DATA section start

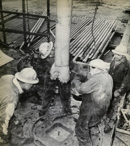 Obreros chilenos colocando un trépano para una faena de perforación.
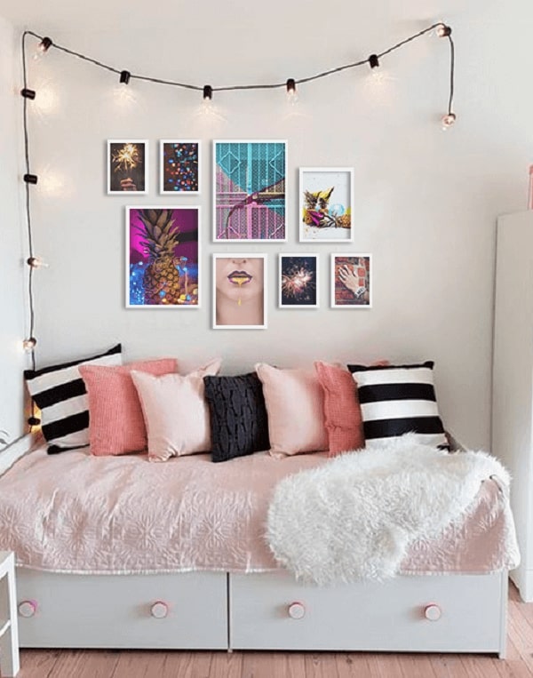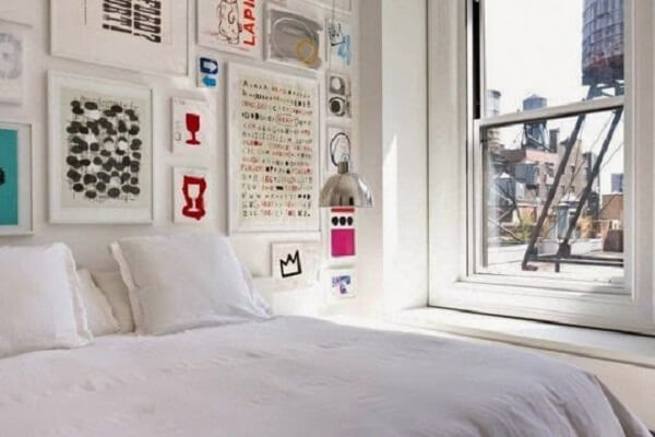 Para você que deseja fazer uma parede de quadros em seu dormitório é preciso dimensionar os tamanhos, as alturas e proporções. Após definir as figuras da parede de quadros, observe as molduras possíveis para que você possa harmonizar com os móveis e outros objetos.
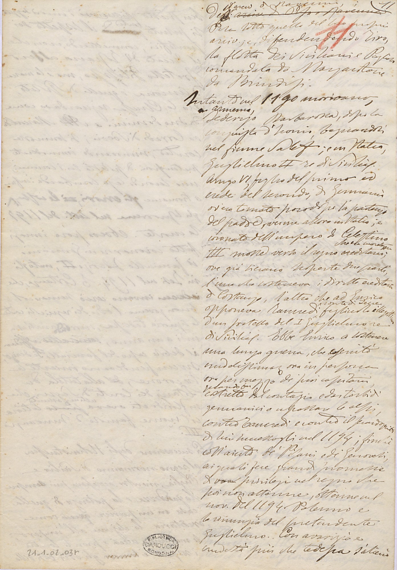 Part of Giosue Carducci, Introduzione allo studio su Dante e il secolo XIV. Lingua e letteratura dal 1183 al 1268, Condizioni politiche d’Italia, lezione II e III del corso, Biblioteca di Casa Carducci, Cart. XXI, 1, II
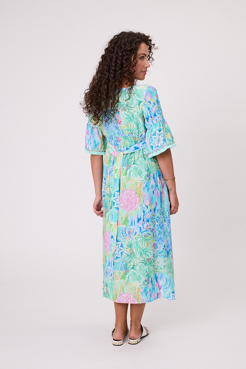 The Classified Rimini Tassel Dress brings easy elegance with a playful twist. Its relaxed fit and soft gathers create movement, while tassel detailing adds charm. Perfect with slides for day or dressed up with sandals for a summer evening out.
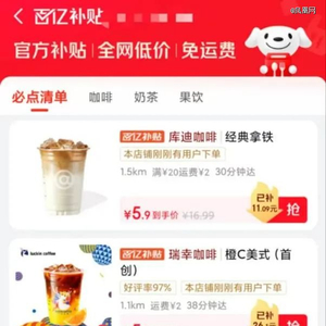 在京东秒送等平台上,凤凰网科技发现,库迪的位置处于“咖啡奶茶”品类的*位,同时价格也下探到了5.9元,有个人消费者称*时可下探至2.9元。而在北京以外的其他区域,普遍是3.9元,京东秒送就能将一杯生椰拿铁送到家,性价比不可谓不凶猛。
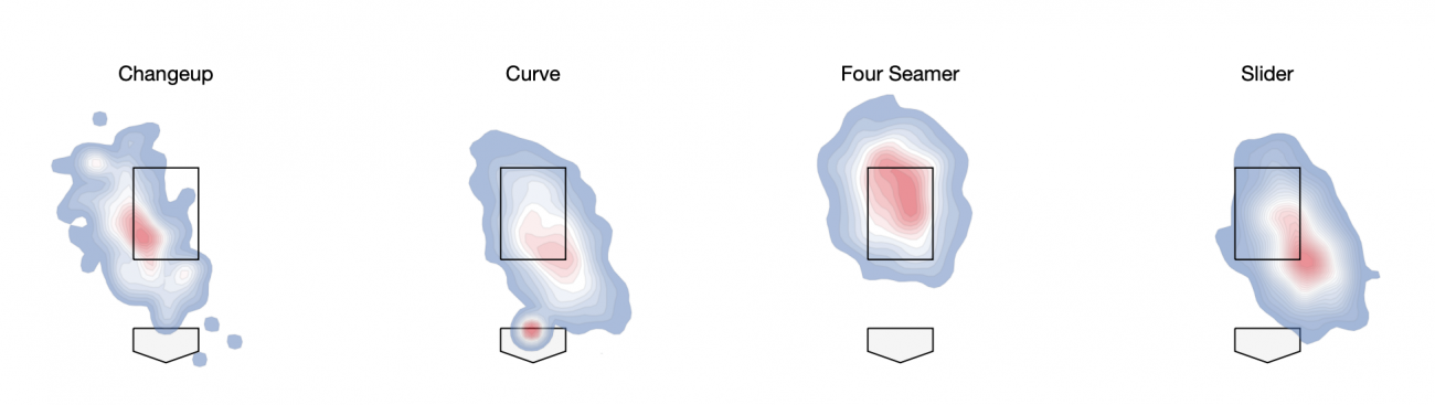 Red = Fastball; Yellow = Slider; Blue = Curveball; Green = Changeup
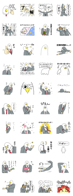 面白いのに使いやすい。敬語、大人、あいさつ、日常、かわいい、シュール、ウザい、仕事、が詰まったスーパー使いやすくてやたらカッコイイ鳥のスタンプです。
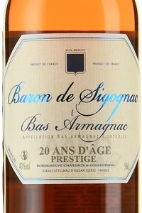 Элитный алкоголь готовится из классических сортов винограда Уни Блан и Бако и проходит многолетнюю выдержку в погребах замка, заложенных несколько столетий назад. Старение протекает в барриках из черного гасконского дуба. Аутентичный стиль достигается за счет соблюдения традиционных рецептур. В рамках завода не применяют электрическое нагревание, а дистилляция осуществляется горячим паром, в результате чего спирты приобретают мягкий букет. В коллекцию Барон де Сигоньяк вошли купажи возрастом от 10 до 20 лет, а также лимитированные миллезимы, дистиллированные более 50 лет назад. Премиальный арманьяк Baron de Sigognac – это символ высокого стиля и элегантности. Напитки подают в самых престижных ресторанах мира и приобретают для частных коллекций. Вкусоароматическая палитра раскрывается грациозными отголосками чернослива, ванили, фиников, сладкой выпечки, кофе и кедра в сочетании с благородными аккордами рансио.
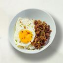 Pork sisig and egg over your choice of rice
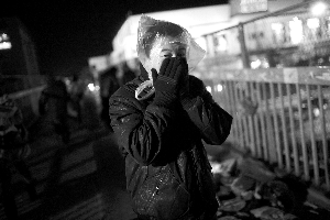 昨日,天橋上,一男子戴著塑料袋擋風。本報記者 王嘉寧 攝
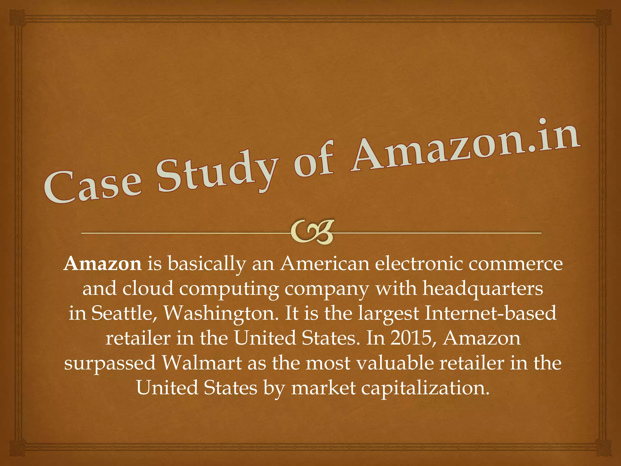 Amazon is a major American e-commerce and cloud computing company based in Seattle, known for being the largest internet retailer in the U.S. The company's investments in delivery services, such as Amazon Fresh and Prime Pantry, alongside technology like Amazon Dash and Fire TV, enhance its competitive standing against rivals like Flipkart and Snapdeal in India. Additionally, Amazon faces challenges in India including logistics issues and competition dynamics, yet it rapidly captures market share while continuing to innovate.
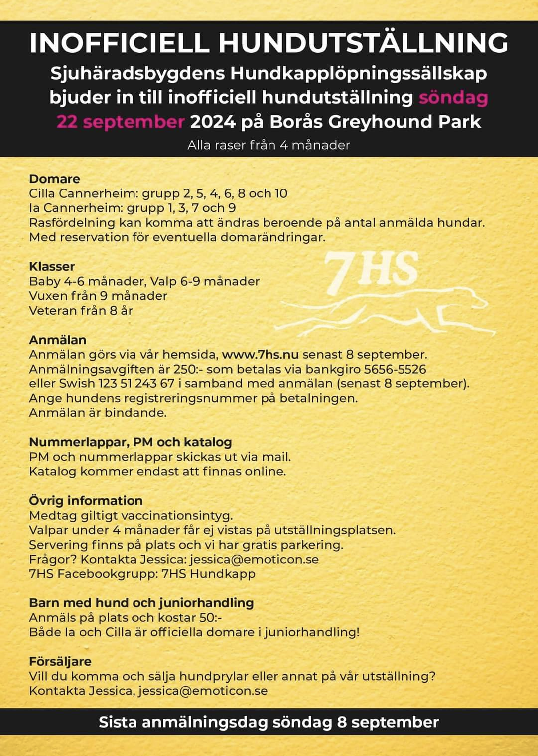 Inofficiell hundutställning 22 september 2024 på Borås Greyhound Park – alla raser från 4 månader

DATA section end

### TASK REQUIREMENTS
Type out each line of the records above exactly, skipping any pictures.

### TASK OUTPUT
 Obreros chilenos colocando un trépano para una faena de perforación.
 Para você que deseja fazer uma parede de quadros em seu dormitório é preciso dimensionar os tamanhos, as alturas e proporções. Após definir as figuras da parede de quadros, observe as molduras possíveis para que você possa harmonizar com os móveis e outros objetos.
 Part of Giosue Carducci, Introduzione allo studio su Dante e il secolo XIV. Lingua e letteratura dal 1183 al 1268, Condizioni politiche d’Italia, lezione II e III del corso, Biblioteca di Casa Carducci, Cart. XXI, 1, II
 The Classified Rimini Tassel Dress brings easy elegance with a playful twist. Its relaxed fit and soft gathers create movement, while tassel detailing adds charm. Perfect with slides for day or dressed up with sandals for a summer evening out.
 在京东秒送等平台上,凤凰网科技发现,库迪的位置处于“咖啡奶茶”品类的*位,同时价格也下探到了5.9元,有个人消费者称*时可下探至2.9元。而在北京以外的其他区域,普遍是3.9元,京东秒送就能将一杯生椰拿铁送到家,性价比不可谓不凶猛。
 Red = Fastball; Yellow = Slider; Blue = Curveball; Green = Changeup
 面白いのに使いやすい。敬語、大人、あいさつ、日常、かわいい、シュール、ウザい、仕事、が詰まったスーパー使いやすくてやたらカッコイイ鳥のスタンプです。
 Элитный алкоголь готовится из классических сортов винограда Уни Блан и Бако и проходит многолетнюю выдержку в погребах замка, заложенных несколько столетий назад. Старение протекает в барриках из черного гасконского дуба. Аутентичный стиль достигается за счет соблюдения традиционных рецептур. В рамках завода не применяют электрическое нагревание, а дистилляция осуществляется горячим паром, в результате чего спирты приобретают мягкий букет. В коллекцию Барон де Сигоньяк вошли купажи возрастом от 10 до 20 лет, а также лимитированные миллезимы, дистиллированные более 50 лет назад. Премиальный арманьяк Baron de Sigognac – это символ высокого стиля и элегантности. Напитки подают в самых престижных ресторанах мира и приобретают для частных коллекций. Вкусоароматическая палитра раскрывается грациозными отголосками чернослива, ванили, фиников, сладкой выпечки, кофе и кедра в сочетании с благородными аккордами рансио.
 Pork sisig and egg over your choice of rice
 昨日,天橋上,一男子戴著塑料袋擋風。本報記者 王嘉寧 攝
 Amazon is a major American e-commerce and cloud computing company based in Seattle, known for being the largest internet retailer in the U.S. The company's investments in delivery services, such as Amazon Fresh and Prime Pantry, alongside technology like Amazon Dash and Fire TV, enhance its competitive standing against rivals like Flipkart and Snapdeal in India. Additionally, Amazon faces challenges in India including logistics issues and competition dynamics, yet it rapidly captures market share while continuing to innovate.
 Inofficiell hundutställning 22 september 2024 på Borås Greyhound Park – alla raser från 4 månader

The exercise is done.